What to work on: The answer is the exact run of lines in the listing below from the line containing "表5 3种碳系材料吸附TCS和NPX的吸附等温模型参数" up to and including the line containing "Skin Decal Wrap", with pictures removed.
Records provided below:
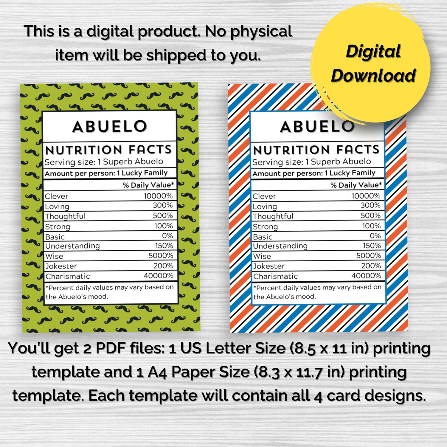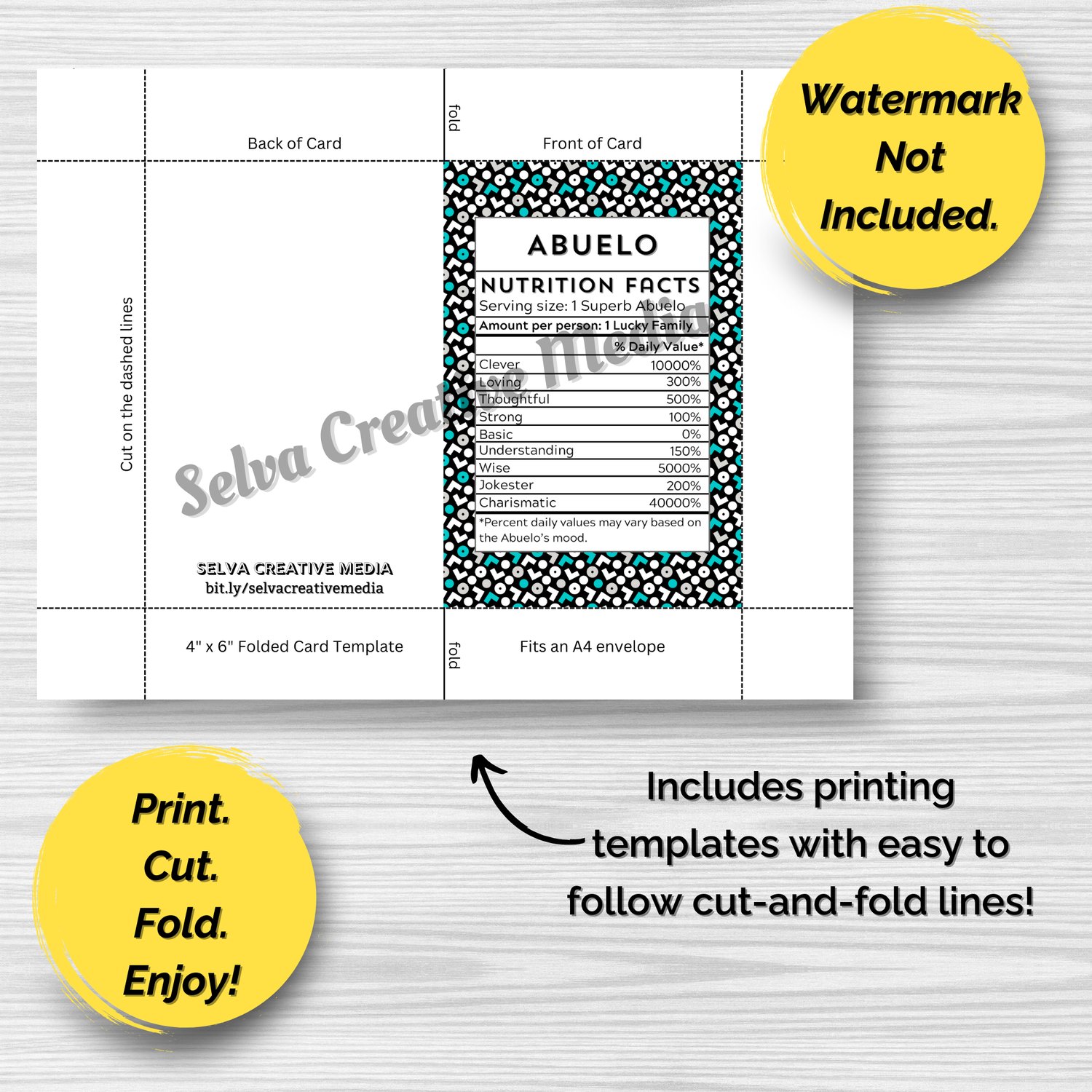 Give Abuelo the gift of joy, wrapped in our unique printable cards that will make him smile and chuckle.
End of Records provided.
Records provided below:
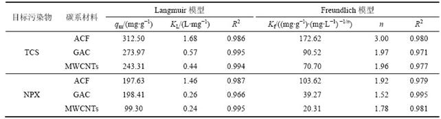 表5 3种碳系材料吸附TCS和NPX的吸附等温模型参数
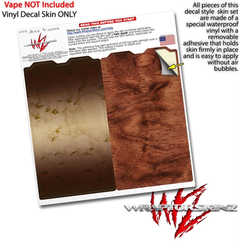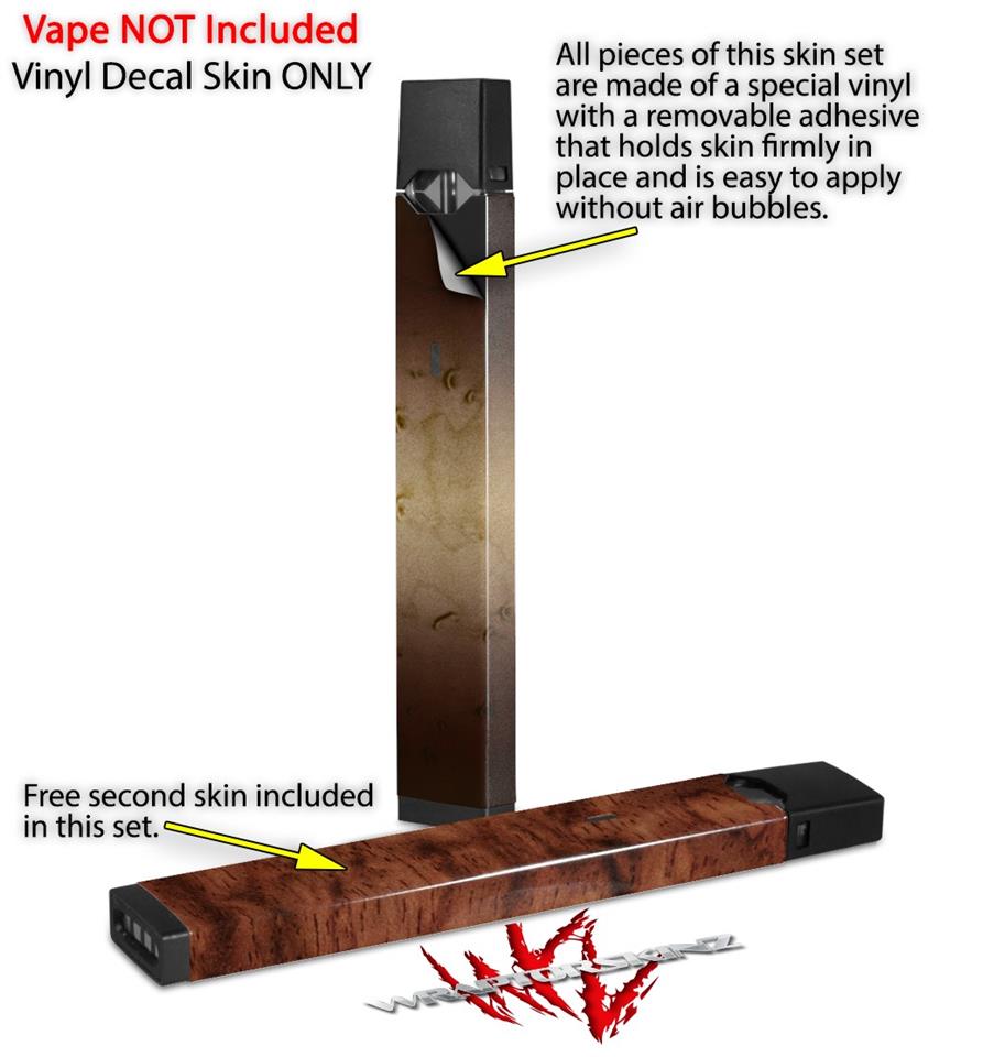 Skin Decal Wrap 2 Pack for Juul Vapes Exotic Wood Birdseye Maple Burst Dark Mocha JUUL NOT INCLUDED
End of Records provided.
Records provided below:
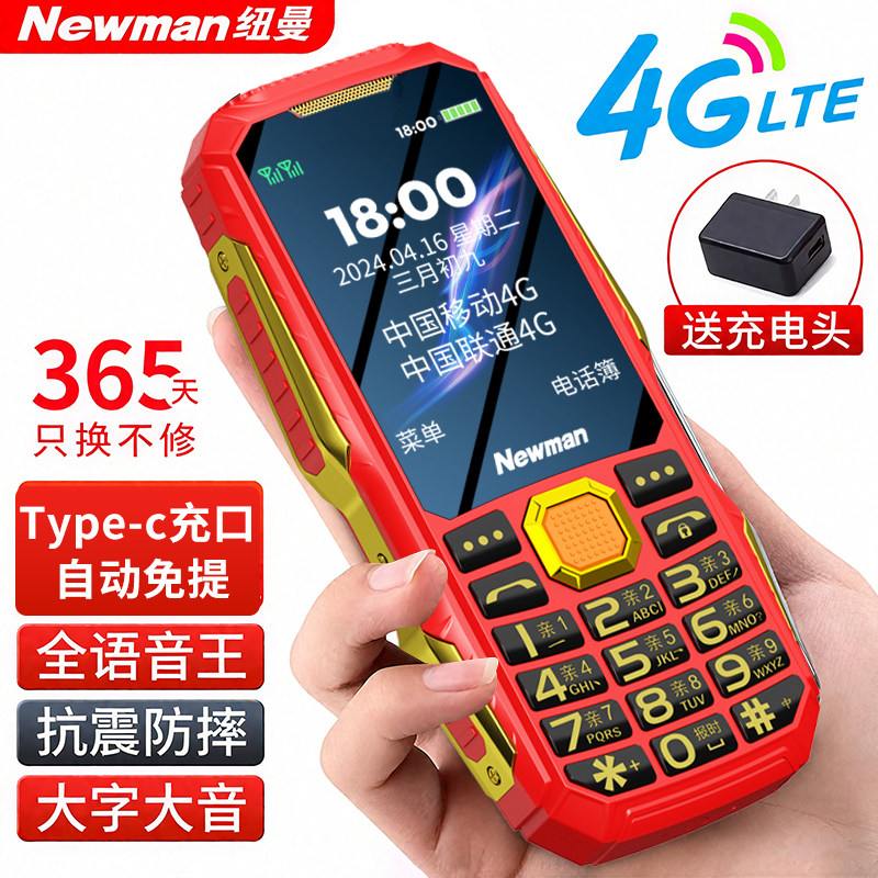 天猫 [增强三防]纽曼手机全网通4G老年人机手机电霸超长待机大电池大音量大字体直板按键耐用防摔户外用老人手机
End of Records provided.
Written answer:
 表5 3种碳系材料吸附TCS和NPX的吸附等温模型参数
 Skin Decal Wrap 2 Pack for Juul Vapes Exotic Wood Birdseye Maple Burst Dark Mocha JUUL NOT INCLUDED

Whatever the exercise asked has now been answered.